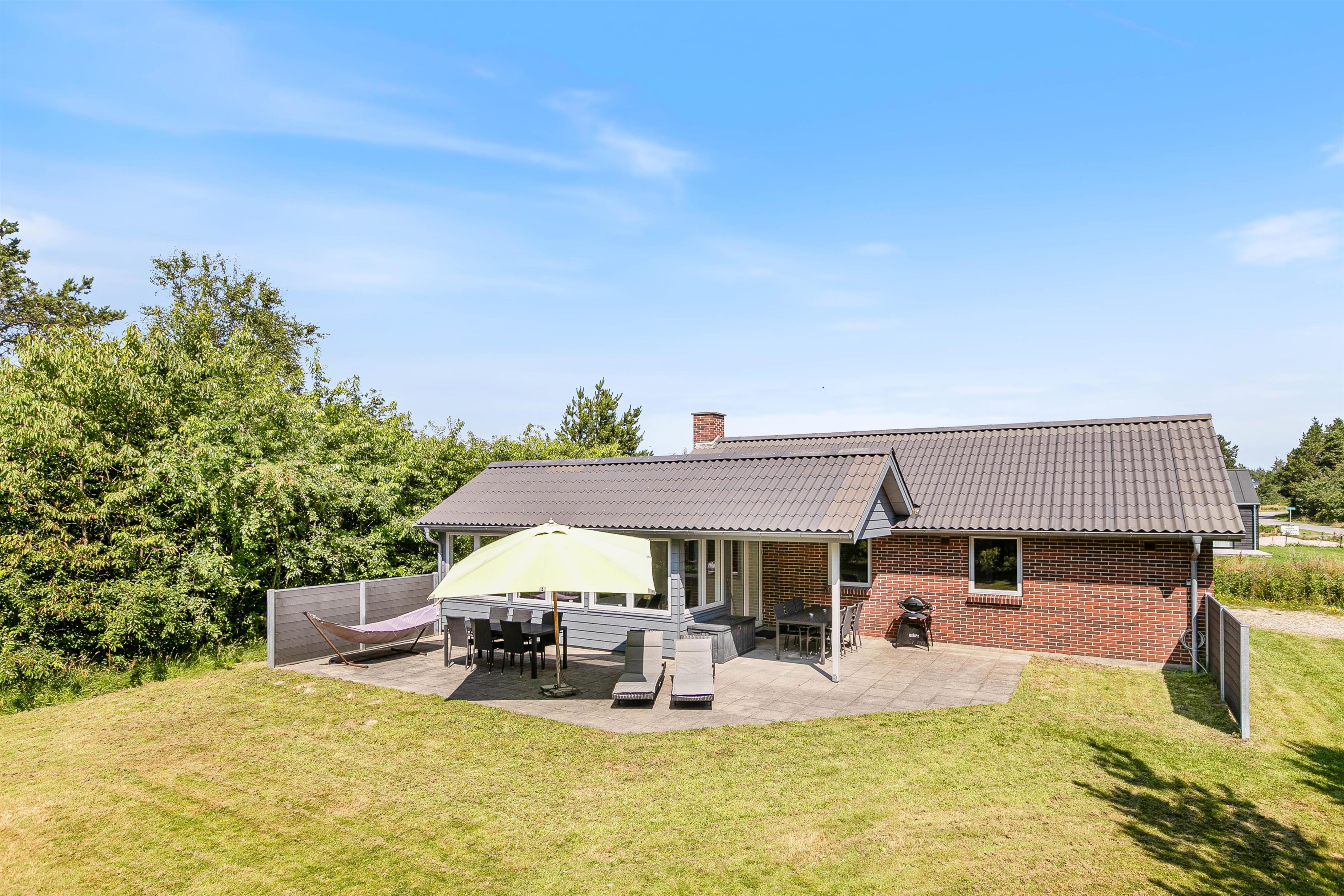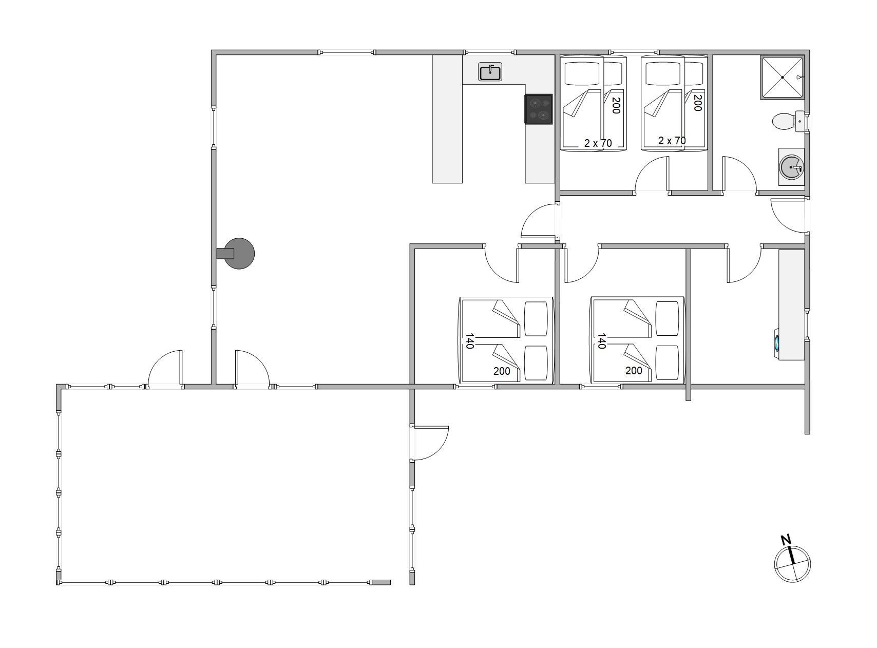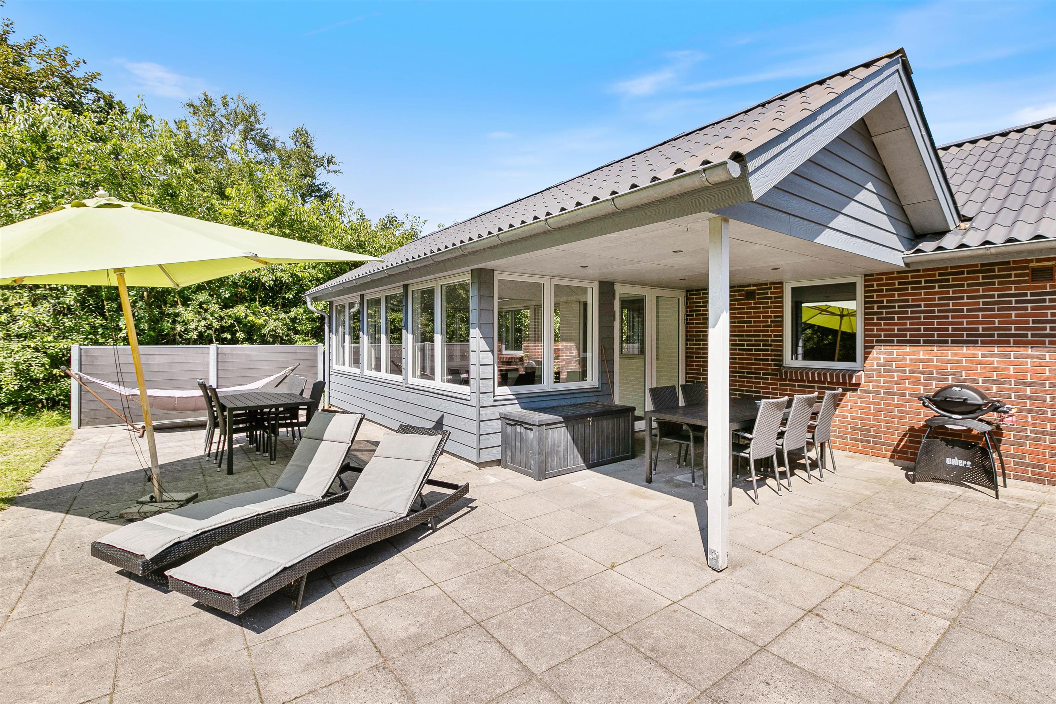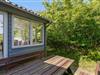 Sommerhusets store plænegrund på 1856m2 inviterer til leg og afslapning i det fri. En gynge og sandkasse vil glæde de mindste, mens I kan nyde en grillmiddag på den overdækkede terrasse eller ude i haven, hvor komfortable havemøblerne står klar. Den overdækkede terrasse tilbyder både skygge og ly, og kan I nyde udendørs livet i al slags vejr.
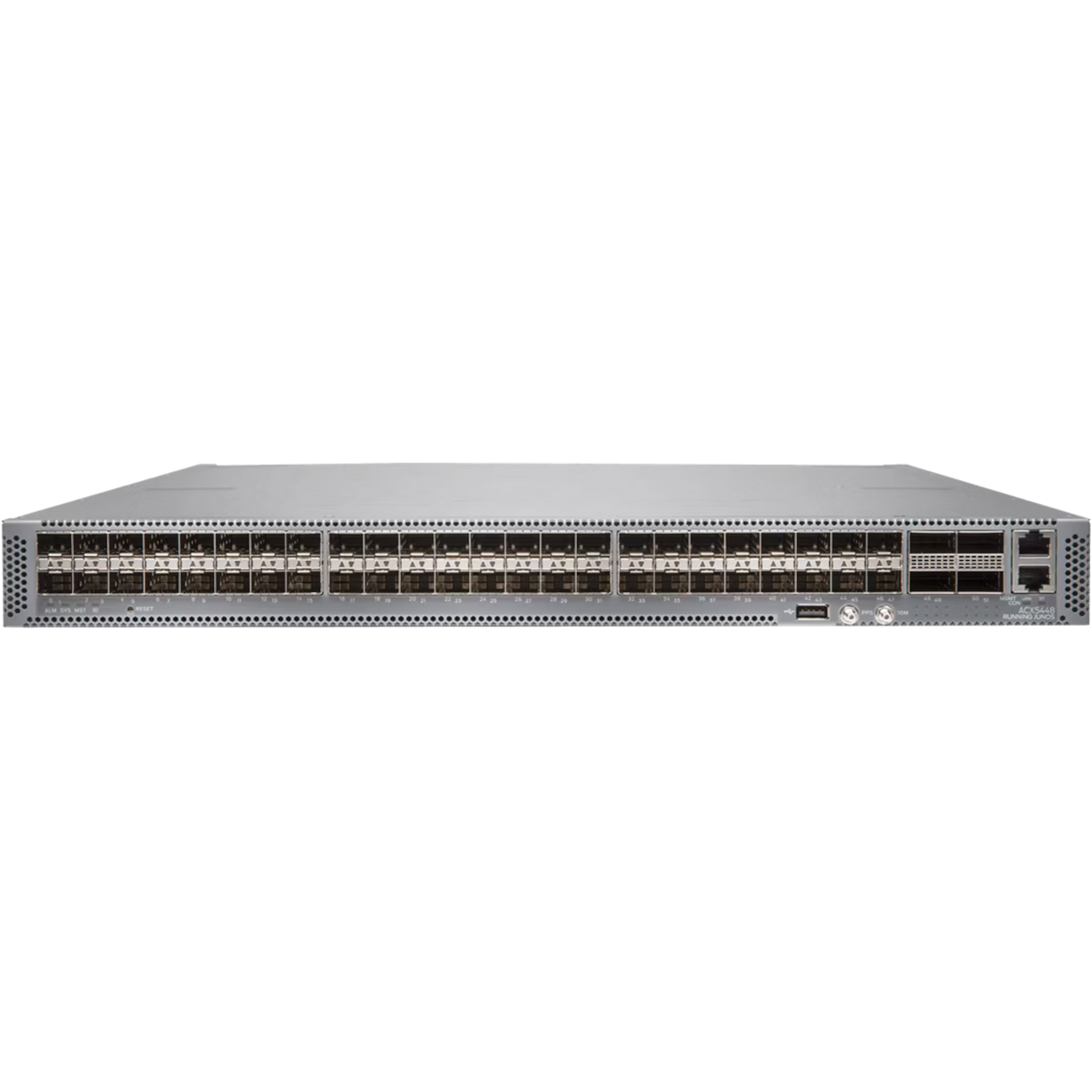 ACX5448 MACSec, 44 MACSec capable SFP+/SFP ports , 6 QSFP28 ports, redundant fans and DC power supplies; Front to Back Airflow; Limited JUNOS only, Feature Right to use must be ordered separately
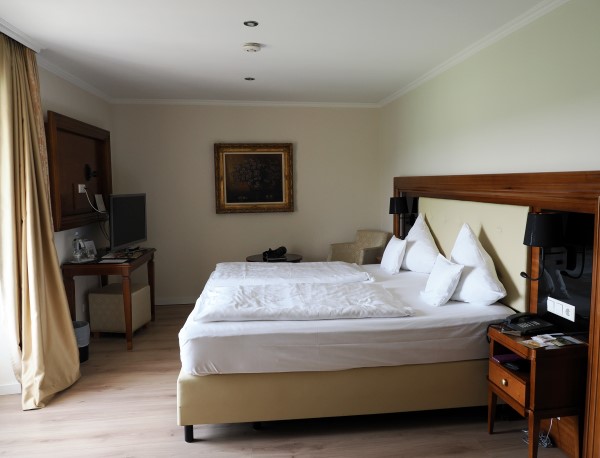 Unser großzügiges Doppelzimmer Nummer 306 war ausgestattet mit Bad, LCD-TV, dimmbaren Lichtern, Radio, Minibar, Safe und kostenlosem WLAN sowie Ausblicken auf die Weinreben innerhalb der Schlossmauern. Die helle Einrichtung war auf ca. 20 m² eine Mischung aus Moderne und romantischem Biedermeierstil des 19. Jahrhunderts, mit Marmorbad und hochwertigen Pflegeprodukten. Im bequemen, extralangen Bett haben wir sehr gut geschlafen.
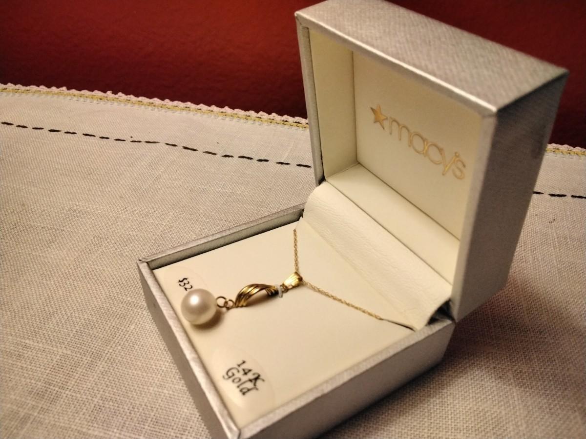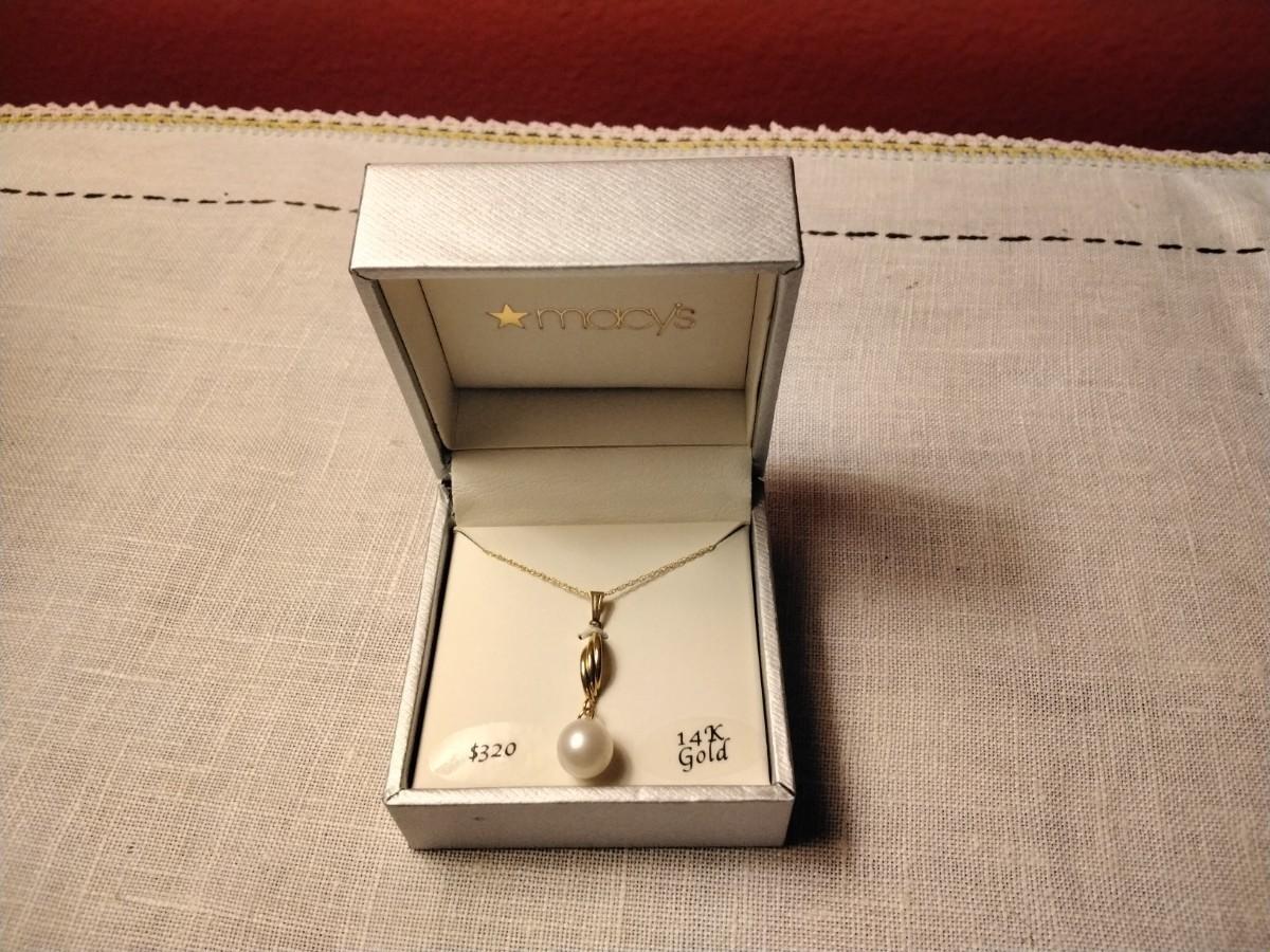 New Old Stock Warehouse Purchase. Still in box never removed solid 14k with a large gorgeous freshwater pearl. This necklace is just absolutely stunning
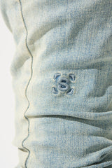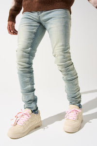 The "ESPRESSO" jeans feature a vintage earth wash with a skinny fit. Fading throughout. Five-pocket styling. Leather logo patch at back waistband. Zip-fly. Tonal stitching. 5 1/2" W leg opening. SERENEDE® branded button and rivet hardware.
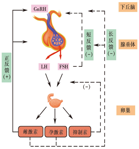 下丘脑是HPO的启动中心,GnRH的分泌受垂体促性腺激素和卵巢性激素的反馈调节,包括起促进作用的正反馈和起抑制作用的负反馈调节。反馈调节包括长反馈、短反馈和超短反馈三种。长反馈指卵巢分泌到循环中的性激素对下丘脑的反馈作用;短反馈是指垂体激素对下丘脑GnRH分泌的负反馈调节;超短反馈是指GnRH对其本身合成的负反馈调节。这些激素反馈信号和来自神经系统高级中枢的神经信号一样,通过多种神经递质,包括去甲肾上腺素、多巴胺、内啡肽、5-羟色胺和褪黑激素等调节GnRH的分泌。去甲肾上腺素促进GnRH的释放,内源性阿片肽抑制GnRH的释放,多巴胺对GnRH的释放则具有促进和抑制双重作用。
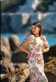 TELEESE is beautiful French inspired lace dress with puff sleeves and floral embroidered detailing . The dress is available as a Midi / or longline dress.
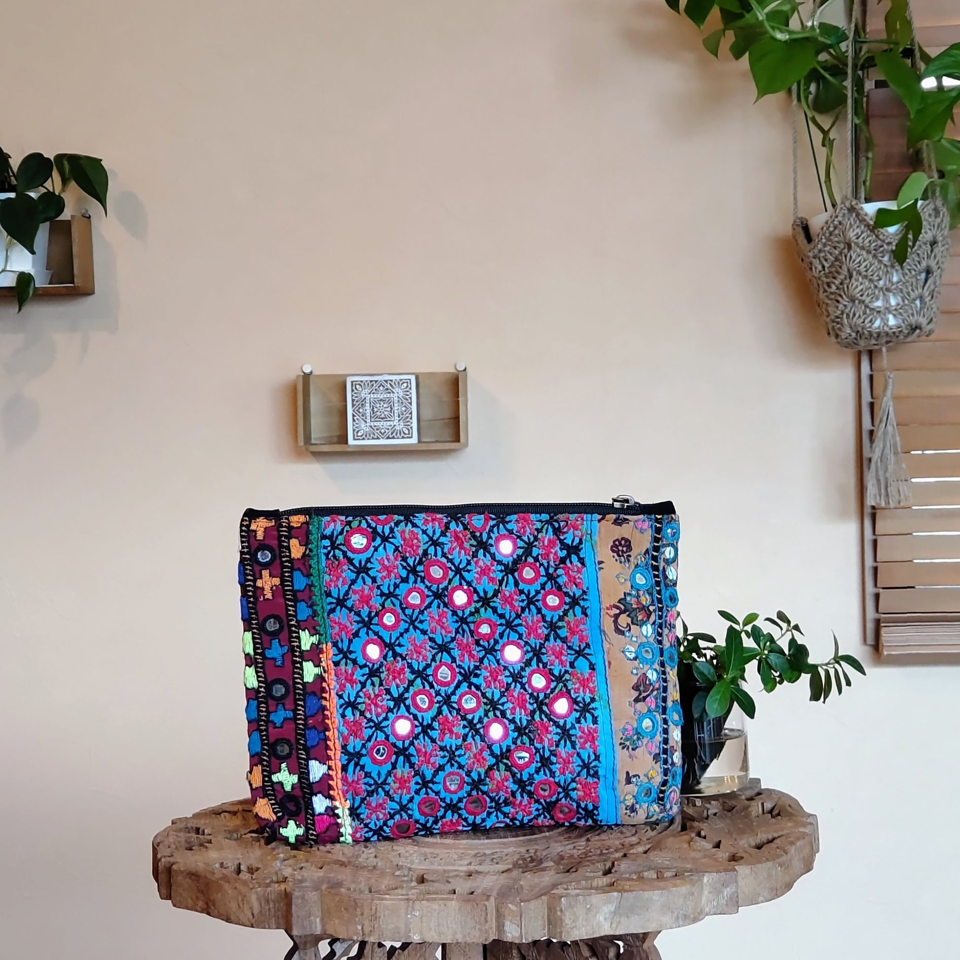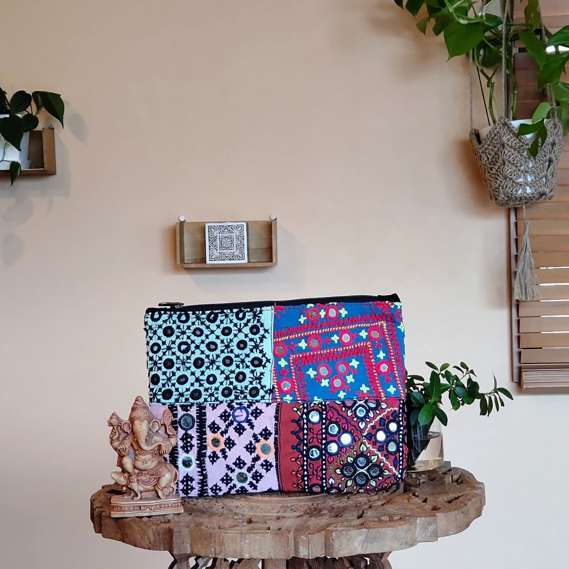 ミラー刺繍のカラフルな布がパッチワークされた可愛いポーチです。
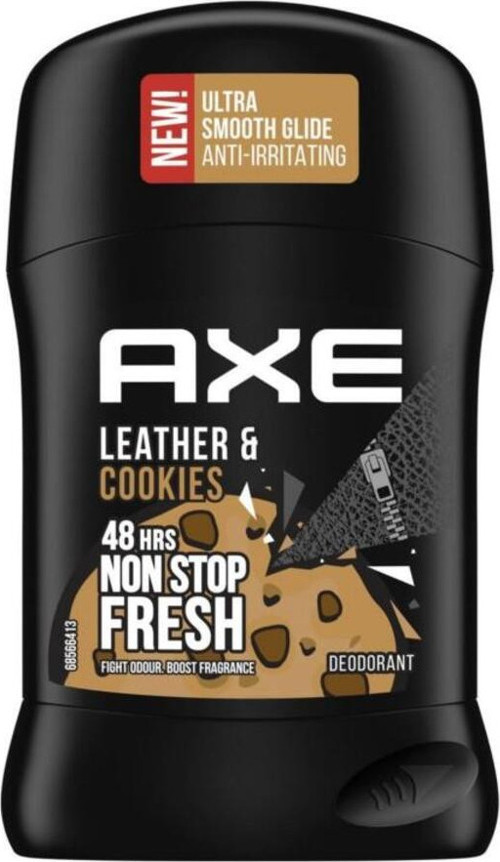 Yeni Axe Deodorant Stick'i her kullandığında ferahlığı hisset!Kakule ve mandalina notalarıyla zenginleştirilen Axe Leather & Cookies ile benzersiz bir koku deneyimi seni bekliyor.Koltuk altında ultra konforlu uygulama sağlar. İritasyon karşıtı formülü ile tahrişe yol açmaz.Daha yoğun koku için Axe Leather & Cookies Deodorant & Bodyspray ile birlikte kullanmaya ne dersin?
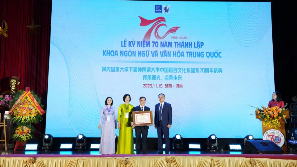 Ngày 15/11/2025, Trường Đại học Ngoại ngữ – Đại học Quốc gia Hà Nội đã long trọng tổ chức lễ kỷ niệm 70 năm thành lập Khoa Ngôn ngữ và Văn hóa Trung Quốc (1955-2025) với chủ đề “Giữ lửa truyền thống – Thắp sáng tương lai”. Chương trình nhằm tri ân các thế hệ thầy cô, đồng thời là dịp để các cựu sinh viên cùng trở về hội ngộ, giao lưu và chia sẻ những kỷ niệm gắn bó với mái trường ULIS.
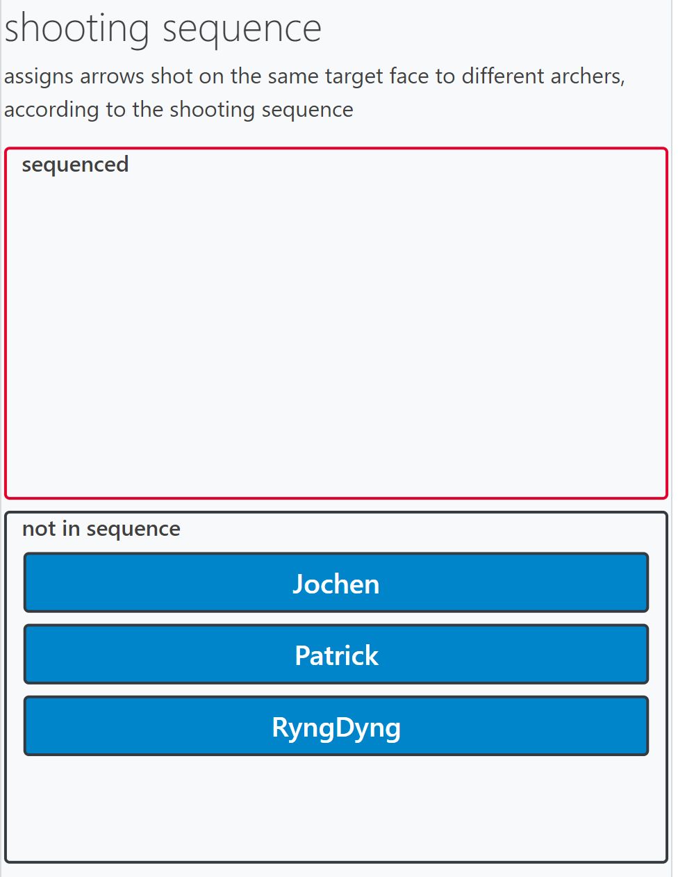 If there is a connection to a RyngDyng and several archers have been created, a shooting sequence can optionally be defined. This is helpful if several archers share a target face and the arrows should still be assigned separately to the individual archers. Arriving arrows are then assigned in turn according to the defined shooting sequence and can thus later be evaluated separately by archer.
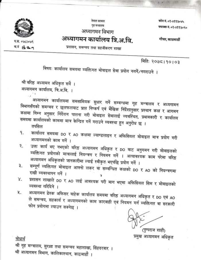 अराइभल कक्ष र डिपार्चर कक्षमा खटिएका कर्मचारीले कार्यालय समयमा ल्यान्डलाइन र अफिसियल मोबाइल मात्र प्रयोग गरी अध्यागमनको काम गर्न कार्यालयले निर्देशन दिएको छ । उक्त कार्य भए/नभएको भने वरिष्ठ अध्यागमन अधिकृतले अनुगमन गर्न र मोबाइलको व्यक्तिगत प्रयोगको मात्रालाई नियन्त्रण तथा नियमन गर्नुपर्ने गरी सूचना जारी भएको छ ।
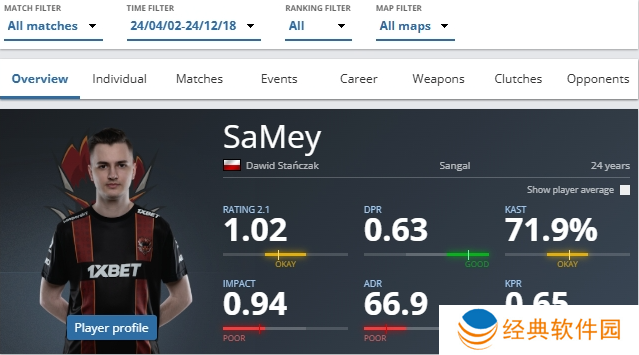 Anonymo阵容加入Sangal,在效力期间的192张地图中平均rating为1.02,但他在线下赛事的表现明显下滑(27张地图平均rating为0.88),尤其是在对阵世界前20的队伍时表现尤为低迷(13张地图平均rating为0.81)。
════
Among the records above, locate the line containing "下丘脑是HPO的启动中心,G" and the line containing "TELEESE is beautiful French", then transcribe exactly the lines starting at the first and ending at the second, with no pictures.

EXERCISE RESULT –
 下丘脑是HPO的启动中心,GnRH的分泌受垂体促性腺激素和卵巢性激素的反馈调节,包括起促进作用的正反馈和起抑制作用的负反馈调节。反馈调节包括长反馈、短反馈和超短反馈三种。长反馈指卵巢分泌到循环中的性激素对下丘脑的反馈作用;短反馈是指垂体激素对下丘脑GnRH分泌的负反馈调节;超短反馈是指GnRH对其本身合成的负反馈调节。这些激素反馈信号和来自神经系统高级中枢的神经信号一样,通过多种神经递质,包括去甲肾上腺素、多巴胺、内啡肽、5-羟色胺和褪黑激素等调节GnRH的分泌。去甲肾上腺素促进GnRH的释放,内源性阿片肽抑制GnRH的释放,多巴胺对GnRH的释放则具有促进和抑制双重作用。
 TELEESE is beautiful French inspired lace dress with puff sleeves and floral embroidered detailing . The dress is available as a Midi / or longline dress.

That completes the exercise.